# accountant work in Alicante?



## jimmy (Oct 6, 2008)

Would love to work and live Alicante areas Murcia etc, I dont speak Spanish but I am fully qualified ,any comments on my chances of work,expats etc,thanks


----------



## jojo (Sep 20, 2007)

jimmy said:


> Would love to work and live Alicante areas Murcia etc, I dont speak Spanish but I am fully qualified ,any comments on my chances of work,expats etc,thanks



I dont know, but I would imagine that you'd need to be "up to speed" on all the taxation laws in Spain and from what I know , they are hellishly complicated! Maybe you could do UK accounts via the internet??? Or maybe Gibralter would be easier???? I'm just guessing tho?!!!??

Jo


----------



## Stravinsky (Aug 12, 2007)

Trouble is Jimmy there are loads of Gestorias about, and for instance they do my tax return every year for €60.

It wont be the well paid job that it would be in the UK


----------



## jimmy (Oct 6, 2008)

jojo said:


> I dont know, but I would imagine that you'd need to be "up to speed" on all the taxation laws in Spain and from what I know , they are hellishly complicated! Maybe you could do UK accounts via the internet??? Or maybe Gibralter would be easier???? I'm just guessing tho?!!!??
> 
> Jo


Thanks for that!got to gat away from cold Scottish winters!


----------



## chris(madrid) (Mar 23, 2008)

jojo said:


> I dont know, but I would imagine that you'd need to be "up to speed" on all the taxation laws in Spain and from what I know , they are hellishly complicated! Jo


 This is a VERY accurate assessment. Without Spanish to read and understand the constantly changing rules - that are NOT easy, as well as complete IN BULK all forms - You're stuffed. 

I've family who are accountants - It was easier for them to take the conversion exams for New Zealand then convert for Spain.
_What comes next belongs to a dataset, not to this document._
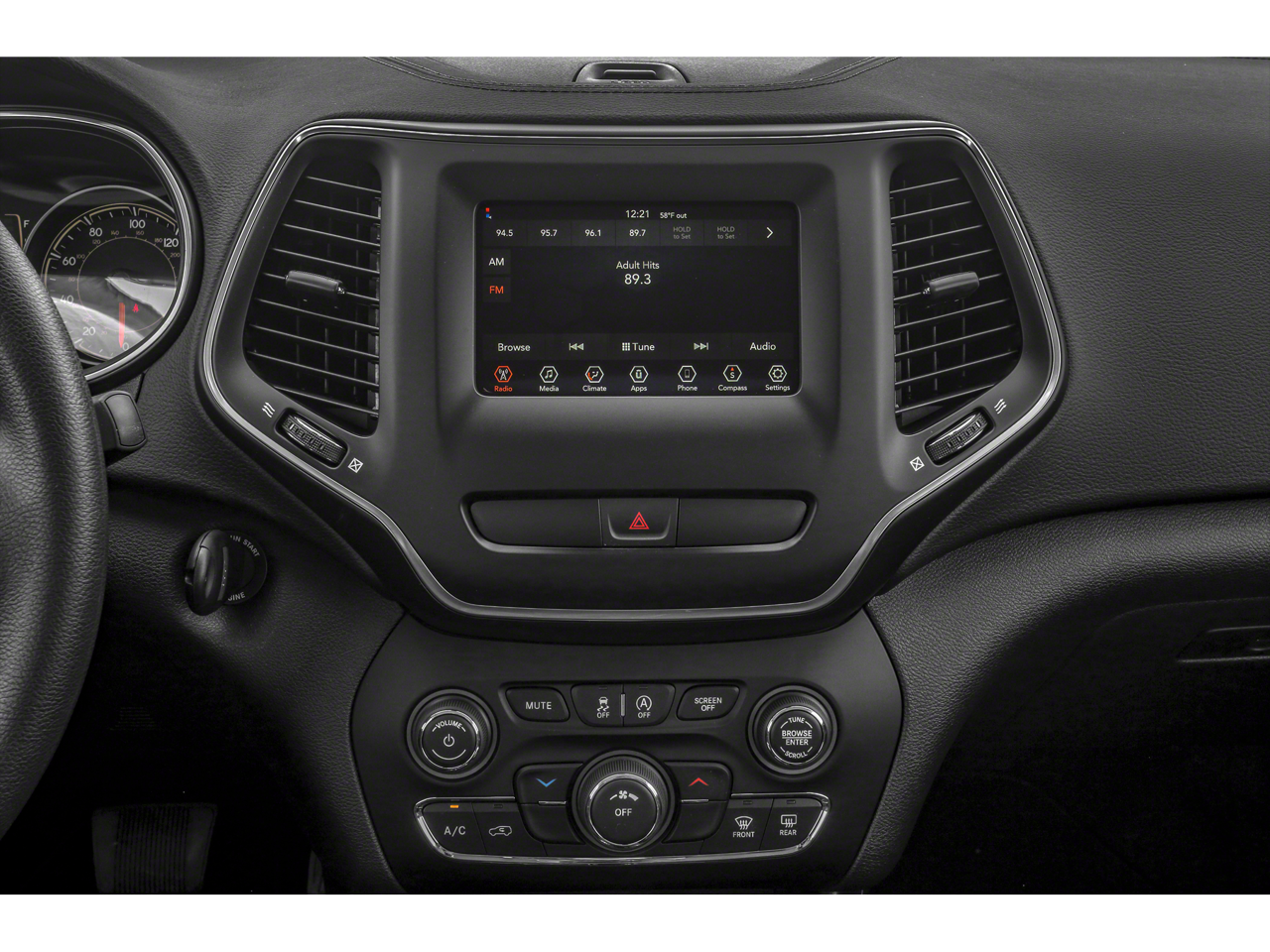 - Radio w/Seek-Scan, Clock, Speed Compensated Volume Control, Aux Audio Input Jack, Steering Wheel Controls, Voice Activation, Radio Data System and Uconnect External Memory Control

They were accredited in the UK, South Africa and Zimbabwe.


----------



## SteveHall (Oct 17, 2008)

By chance a friend in Torrevieja was asking me to look out for an English-speaker to train up as a gestor yesterday but FLUENT Spanish (spoken and written) is an absolute pre-requisite, 

As I always say to people in a situation like this could a non-English speaker do that job competently in the UK. If the answer is "No way", accept that it will be just as difficult here.


----------